Courier has designs on lifting sales - Press Gazette

Courier has designs on lifting sales

The Halifax Evening Courier’s new design, including daily supplements, is ‘fresher cleaner, brighter, younger’ than its old look (top right), according to editor John Furbisher

The Evening Courier in Halifax has launched six supplements and been given a new look to help tackle declining sales.

Editor John Furbisher, who joined the Courier from the Yorkshire Post last July, said local papers had been getting a “caning” from the nationals, but he believed giving readers more than just local news and sport could help stop the sales rot.

“I personally think there’s a problem in the industry where people have been happy to look the other way when circulation figures come up and concentrated instead on the bottom line, which has been healthy,” he said.

“It’s very important for us now to see a sale that’s holding its own or getting bigger.

“Regional papers, including ours, have been getting a caning from the nationals and have not been competing in terms of added value. I’m not saying we can compete like-for-like with the nationals, but if we offer readers a bit more in terms of value and a bit more than just local news and local sport, we stand a chance of keeping more readers and winning a few back.”

In common with other regional dailies, the Courier, which is broadsheet Monday to Friday but tabloid on Saturdays, has seen a gradual sales decline in recent years. In December 1998 its ABC was 29,372; in December 2003 it was 24,894.

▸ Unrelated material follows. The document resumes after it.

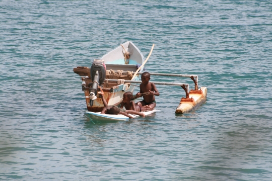 enfants sur pirogue petite terre
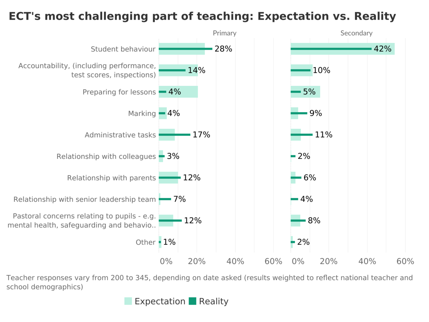 But now the ECT has started, there was a small increase in primary teachers finding behaviour the biggest challenge (28% UP four percentage points) and a small decrease in secondary (42% DOWN 12 percentage points).

Furbisher describes the Johnston Press-owned title’s new look as “fresher, cleaner, brighter, younger”. Page one includes a redesigned masthead, bigger blurbs at the top of the page, all-caps splash headlines and inbrief story tasters at the bottom.

The new sections are:

Sport Today on a Monday, a 16 to 24-page full-colour tabloid pullout.
Buy & Sell Today, a tabloid, free-ads supplement on Tuesdays.
Jobs Today on Wednesdays, which includes an extra broadsheet page of employment-related editorial to lead into the job ads.
Motors Today on Thursdays, a tabloid motoring supplement with more reviews and features.
Property Today on Fridays, a broadsheet supplement including more human interest property stories.
Television Today on Saturdays, an expanded entertainments tabloid that includes cinema, pop music, computers, leisure and clubbing.

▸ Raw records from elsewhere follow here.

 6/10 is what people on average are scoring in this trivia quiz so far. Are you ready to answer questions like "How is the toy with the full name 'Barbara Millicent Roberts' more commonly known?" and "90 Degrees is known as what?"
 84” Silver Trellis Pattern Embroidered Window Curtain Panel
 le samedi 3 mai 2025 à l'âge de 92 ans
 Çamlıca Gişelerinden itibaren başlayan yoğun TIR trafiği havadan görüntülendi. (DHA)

The redesign includes a slight increase in the size of body text to answer a long-standing gripe from older readers that it was too small.

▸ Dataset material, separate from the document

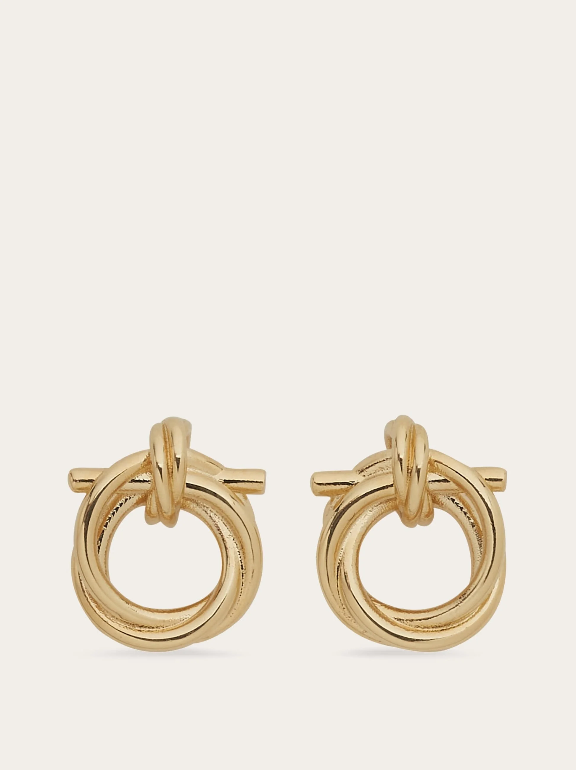 The brand’s most iconic silhouette becomes the shape of these golden brass earrings. The double loop with twisted aesthetic adds richness and elegance to the design. - Composition: brass - Made in ITALY - Product code: 760671 765593

On the news side, Furbisher said: “We are now more effective at investigating, campaigning and championing local issues.”

He added: “The tone of the paper is sharper with more attitude, more comment, more edge and I think people are starting to take notice of us as a paper that gets stuck in on behalf of its readers.”

Over the past six months, the Courier’s campaigns have included an investigation that led to restrictions on “irresponsible” cheap drink promotions at bars. Such drink offers had been linked to an increase in town centre crimes.

The paper has also highlighted the “forgotten tragedy” of at least 750 former workers at a local factory who have died of asbestos poisoning.